The chromatogram of the thioacidolysis dimeric products (as TMS ethers) is shown in Figure 4, together with their structures, and their mass spectral data, and their relative abundances are summarized in Table 3. The main dimeric compounds released are of the type 5-5′ (peaks 1–3), 4-O-5′ (peaks 4 and 6), β-1′ (peaks 5, 9, 11, 14 and 24), β-5′ (peaks 7, 8, 10, 15, 16, 21 and 22), and β-β′ (peaks 12, 13, 17–19 and 25). The 5-5′ dimers arise in part from dibenzodioxocin structures after the breakdown of their α-O-4′ and β-O-4′′ ethers, and also from others 5-5′ etherified and non-etherified units (Capanema et al. 2004). The β-1′ dimers are produced from spirodienones after the cleavage of the α-O-α′ ether bond whereas the β-β′ tetralin dimers arise from the cleavage of α-O-γ ether bonds in resinols and subsequent recyclization through the formation of an additional bond between Cα and C₆ (Lapierre et al. 1995). Two types of β-5′ dimers were detected: (1) those simply derived from an unopened phenylcoumaran, such as dimer 22 that was recently established as authentic β-5′ dimer by synthesized standards (Yue et al. 2017), and (2) those β-5′ dimers arising from the breakdown of α-O-4′ ether in phenylcoumaran substructures (dimers 7, 8, 10, 15, 16 and 21).

Figure 4:

Total ion chromatogram of the dimeric products (as TMS ethers) obtained by thioacidolysis degradation followed by Raney-nickel desulphuration of OTP-MWL.

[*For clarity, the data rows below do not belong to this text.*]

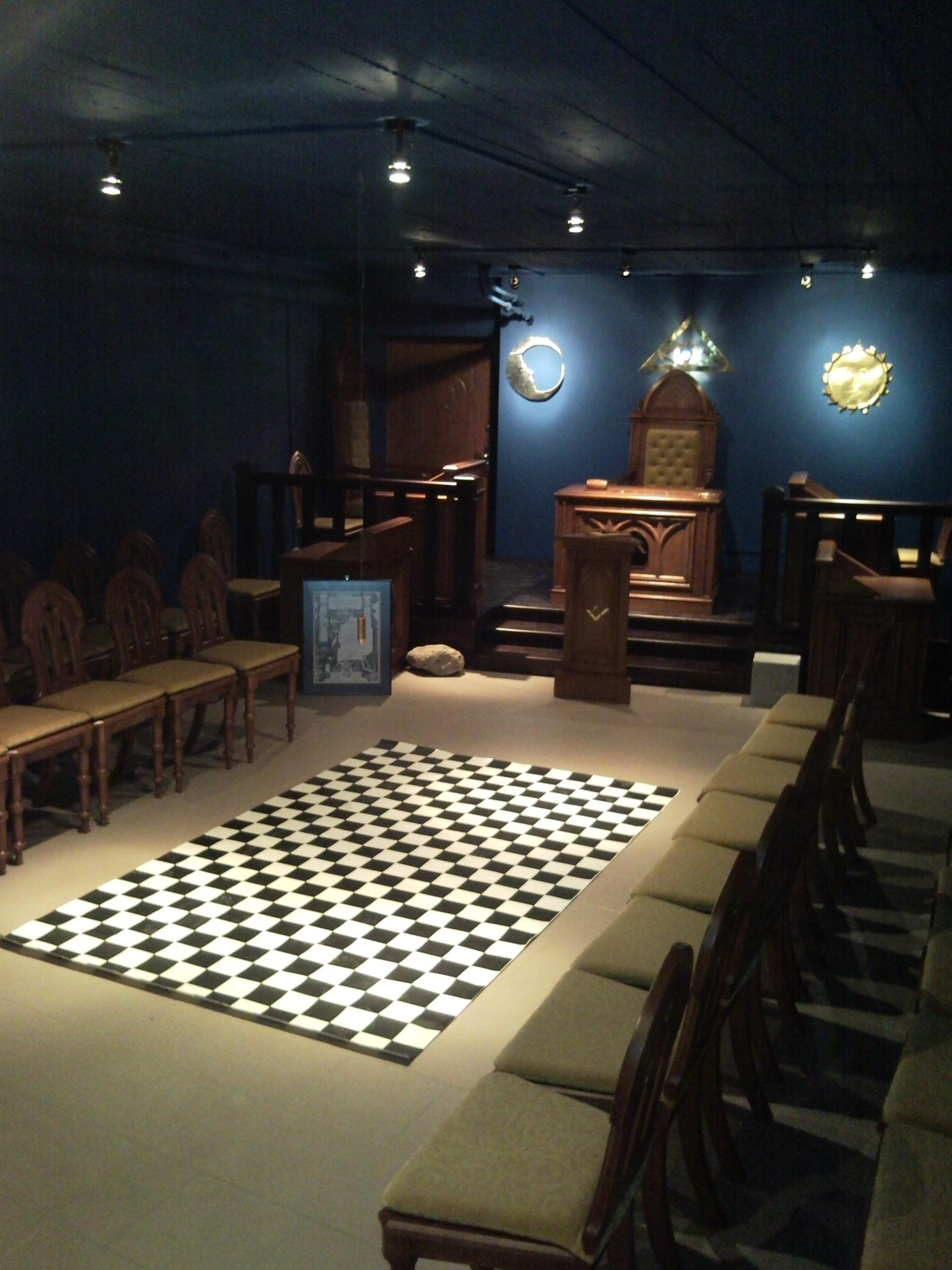 Liberal freemasonry in Warsaw
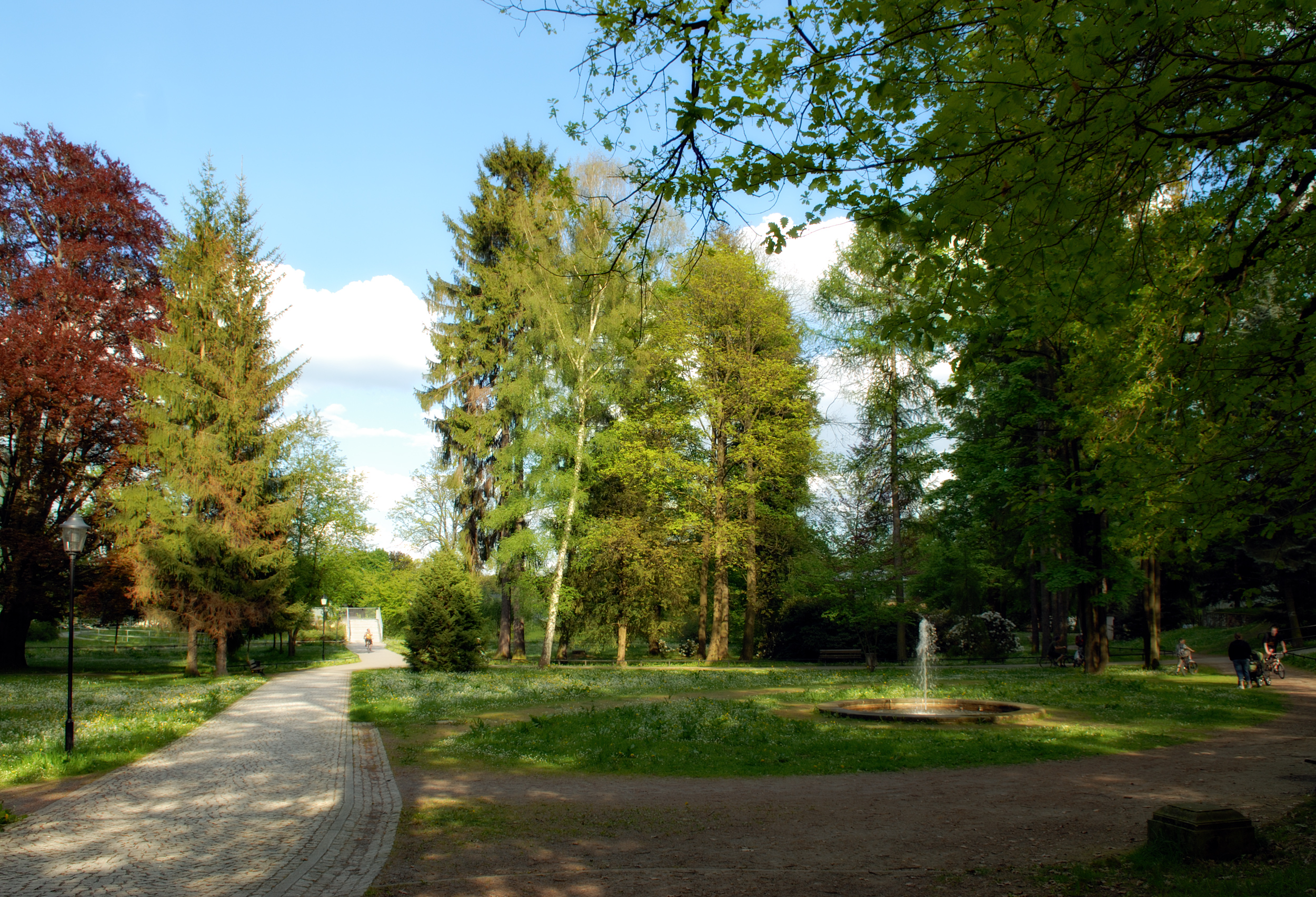 This image shows the park near the old cotton mill in Flöha, Germany.
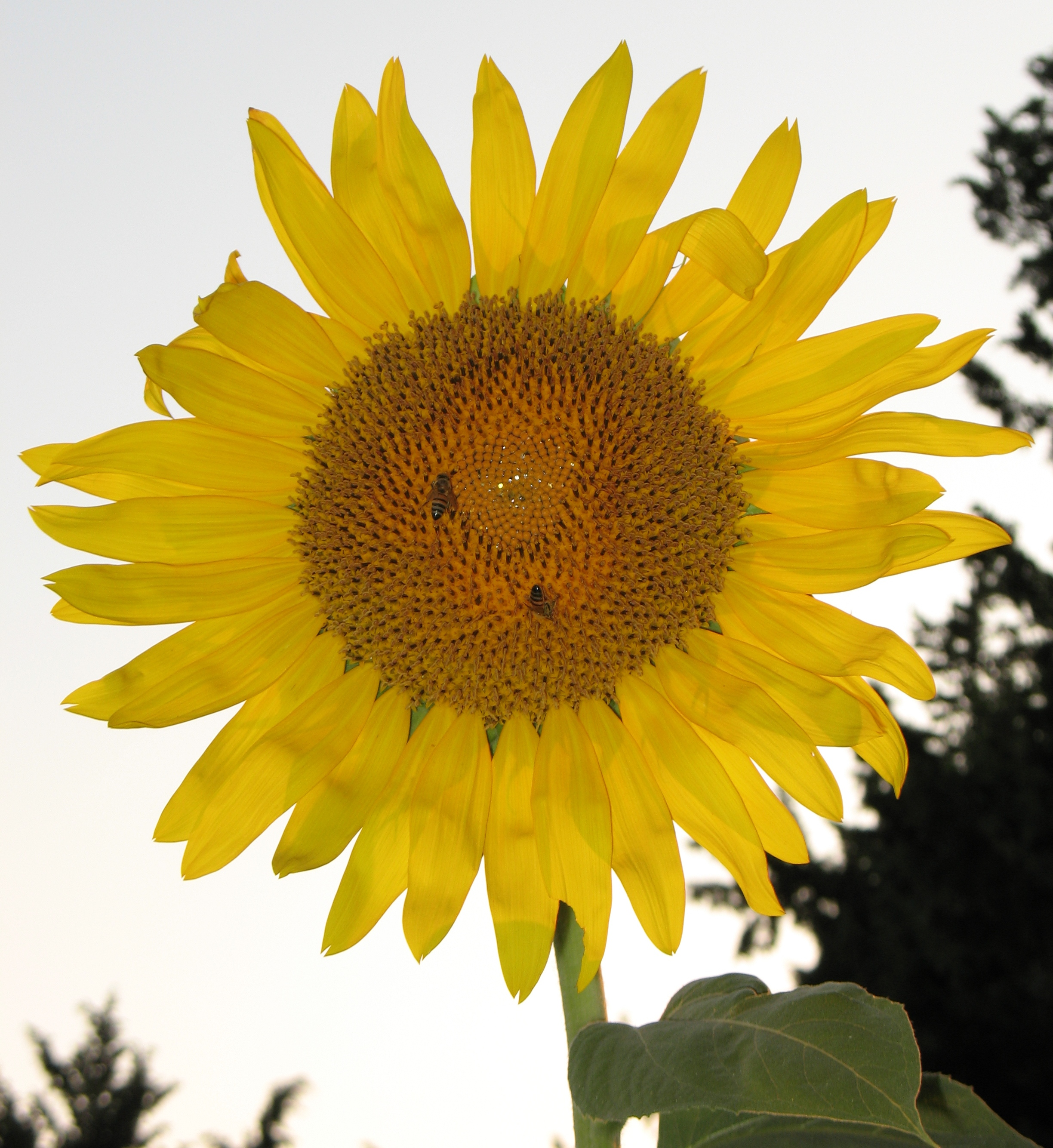 a sunflower Kurdî: Çîçekê beberoyê
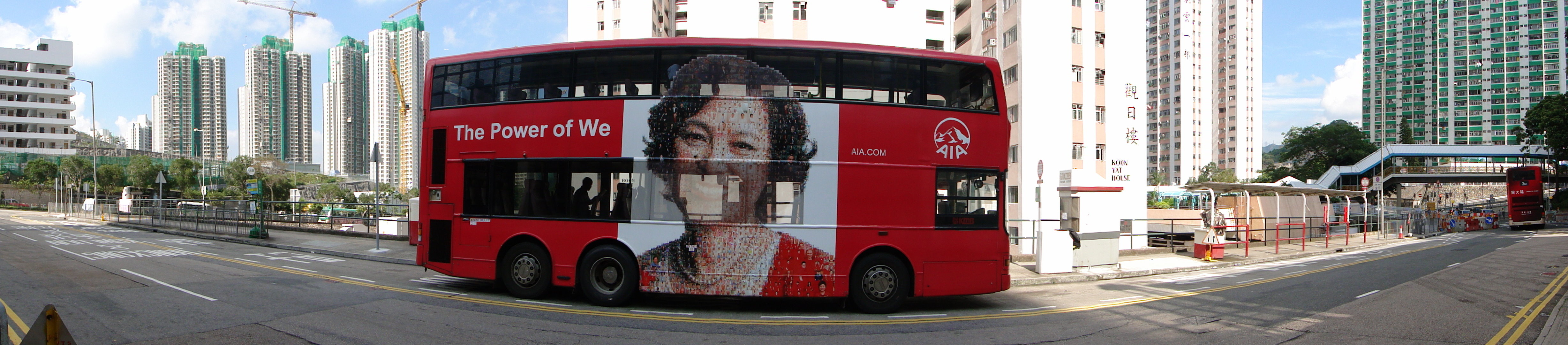 Choi Wan (Fung Shing Street) Bus Terminus, Hong Kong.
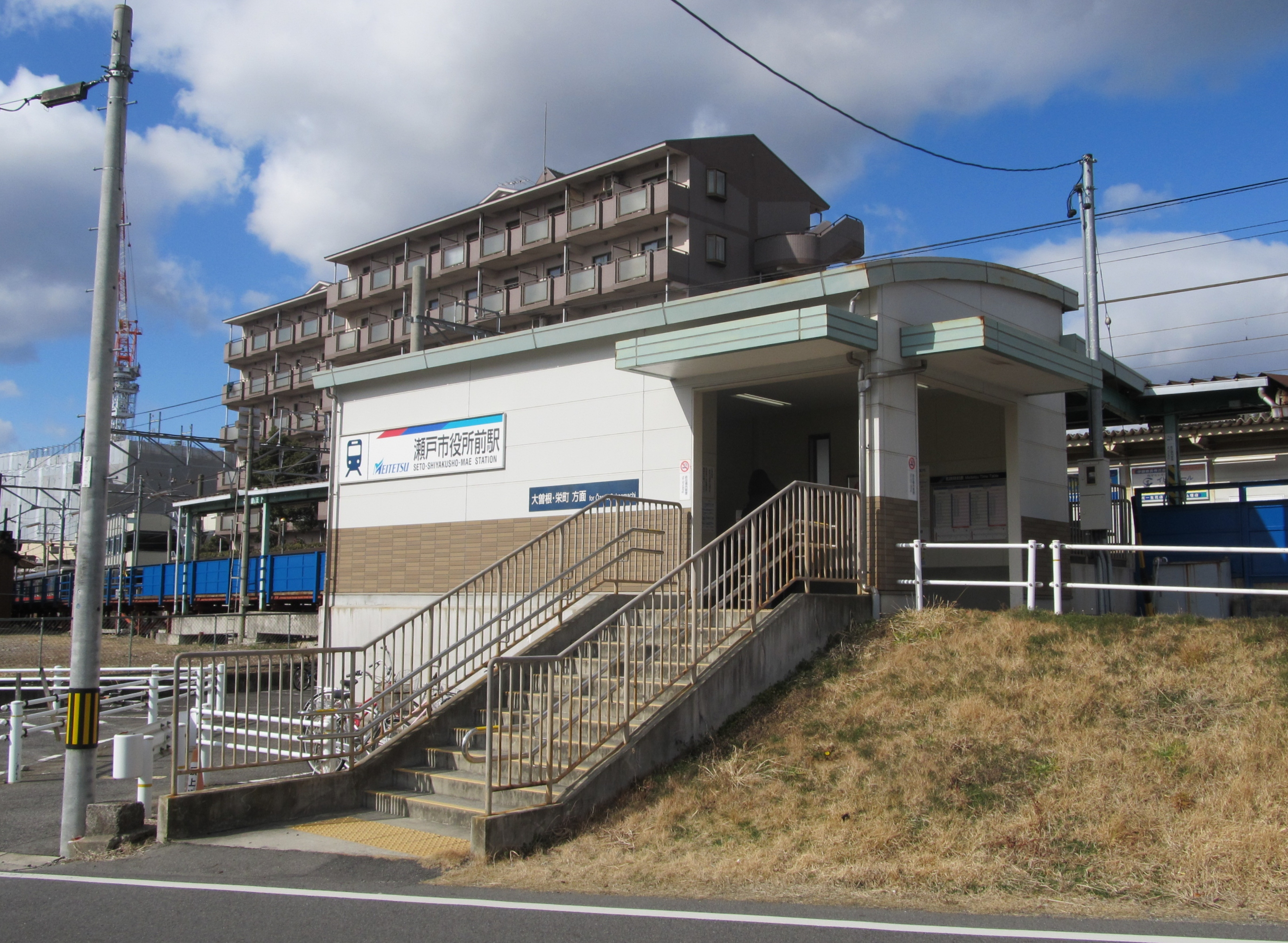 Nagoya Railroad Seto Line Seto-Shiyakusho-mae Station Building (for Sakaemachi)
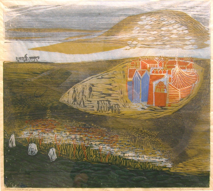 Photo of the woodprint "City of Myth" made by the Norwegian artist Carl Frithjof Tidemand-Johannessen in 1949. Carl Frithjof Tidemand-Johannessen died in 1958, and according to Norwegian law (Åndsverksloven) this artwork will usually be protected until 70 years after the death year of the creator.
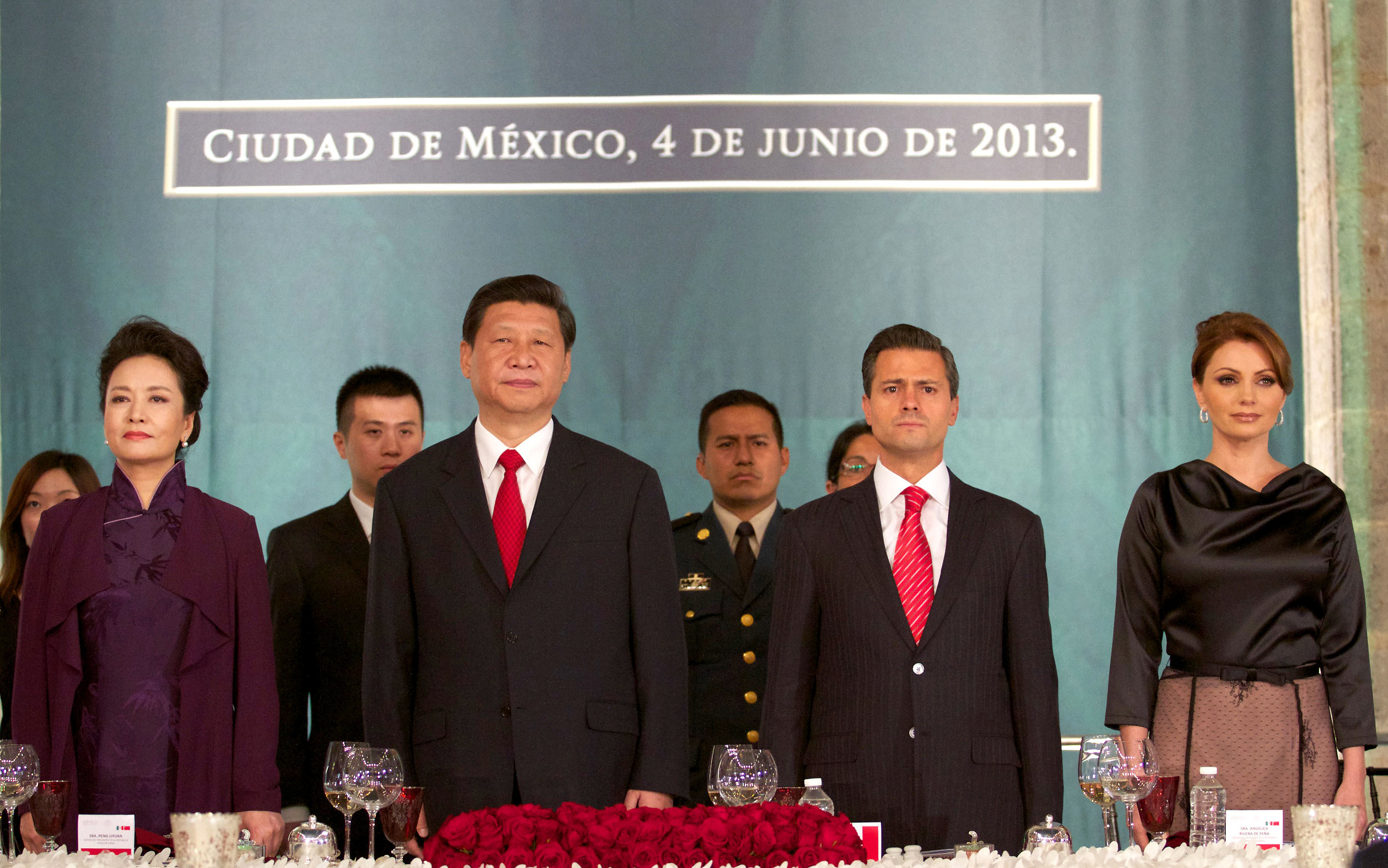 State Dinner in honor of Xi Jinping, President of the People's Republic of China, and his wife, Peng Liyuan. National Palace, Mexico City.
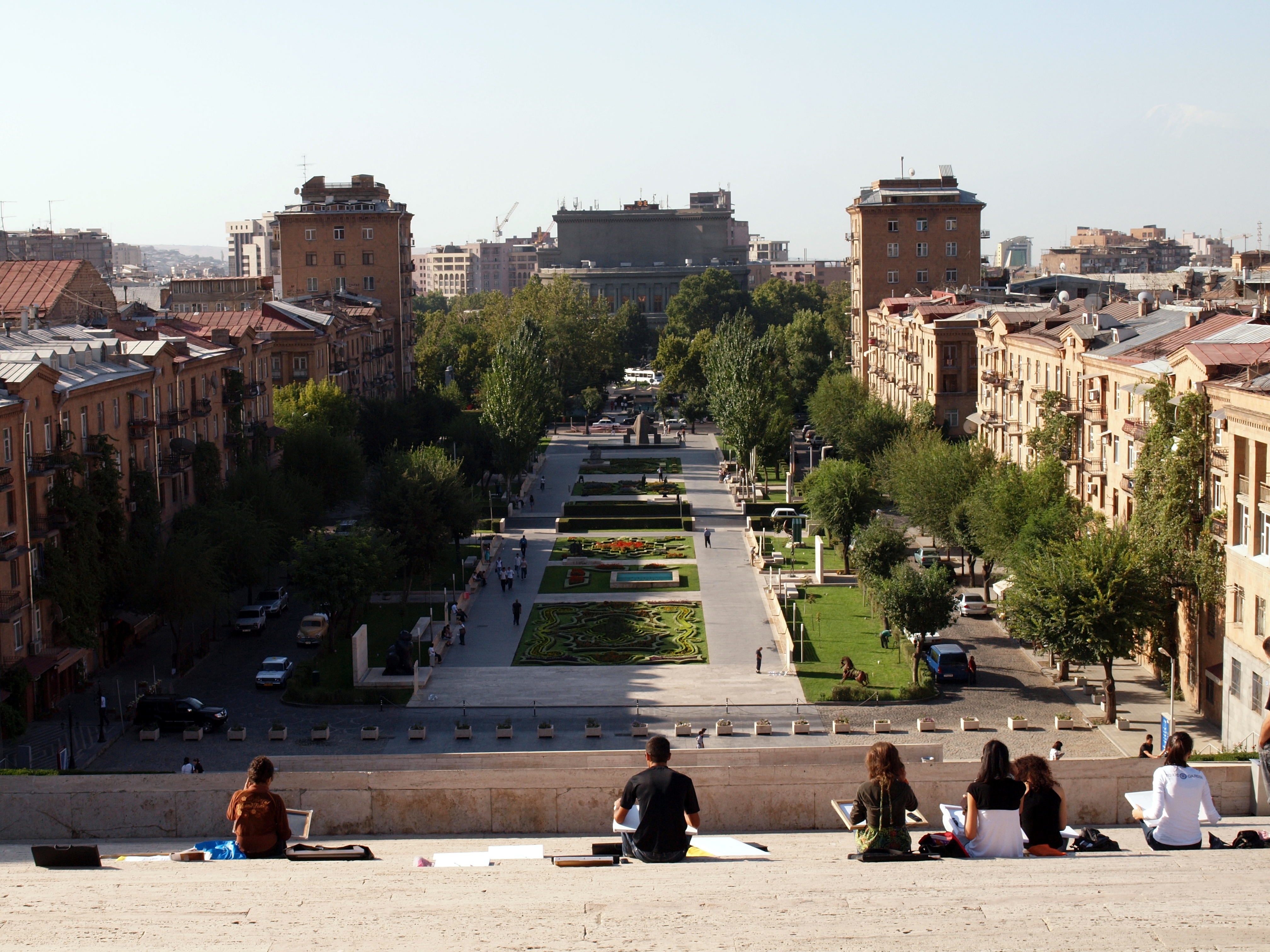 Armenia - Day 1 - 18 September 2010, The Cascade is an astonishing series of stepped levels designed and initiated in Soviet times but left unfinished. The scale is enormous but very little (if any) water runs down it it.
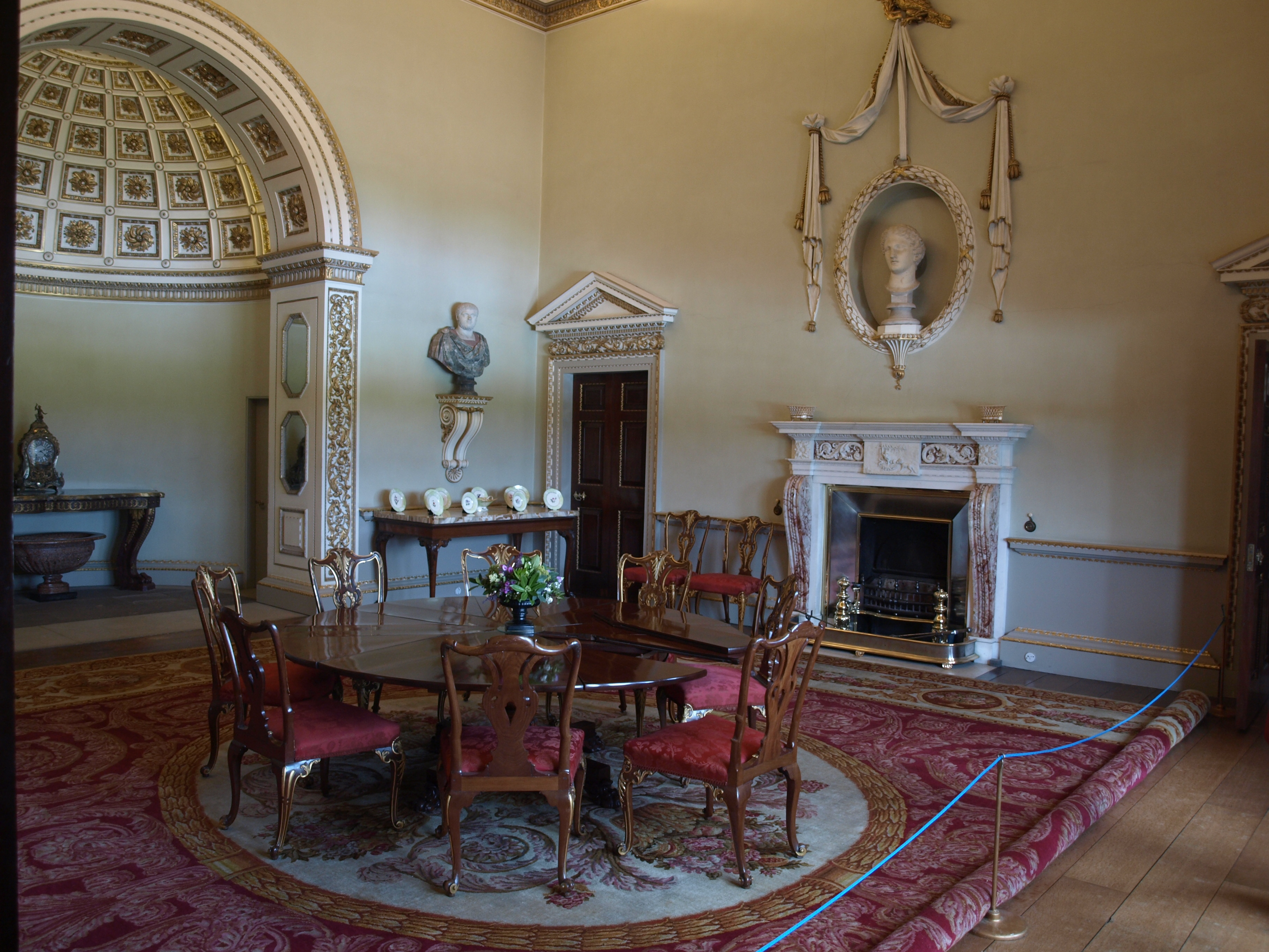 Dining Room, Holkham Hall, Norfolk, England
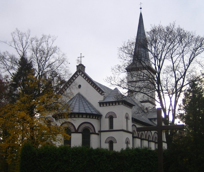 Church in Ozimek, Silesia, PL

The mass spectral data are detailed in Table 3.

The relative proportions of the different dimers released upon thioacidolysis-desulfuration are listed in Table 4. The quantity of the most prominent dimers (based on all dimers) are β-β′ tetralin (≈37%) and β-5′ compounds (≈25%), followed by β-1′ (≈17%), 5-5′ (≈13.3%) and 4-O-5′ (≈7.8%) structures. 2D-NMR analysis, however, showed a higher abundance of β-5′ than β-β′ structures in OTP lignin. One possible explanation is that β-5′ linkages occur among G units (65% of all β-5′ dimers involve two G-units), that can also be connected to other lignin units, which are not degraded by thioacidolysis resulting in underrepresented β-5′ substructures among thioacidolysis degradation products. On the contrary, the vast majority of the β-β′ linkages in OTP lignin are of the S-S type (85% of all β-β′ linkages) (Table 4). This observation is also true for lignins in other plants (Rencoret et al. 2008; del Río et al. 2009). Such S-S dimers can only be integrated into the lignin macromolecule via their 4-OH groups, which leads to formation of β-O-4′ alkyl-aryl ethers, which are cleaved by thioacidolysis. β-β′ resinols are mainly syringaresinol and this could explain the high S/G ratios of OTP technical lignins obtained by steam explosion and alkaline pulping (Santos et al. 2017), because these pretreatments mostly cleave β-O-4′ linkages and produce a lignin highly enriched in β-β′ resinols.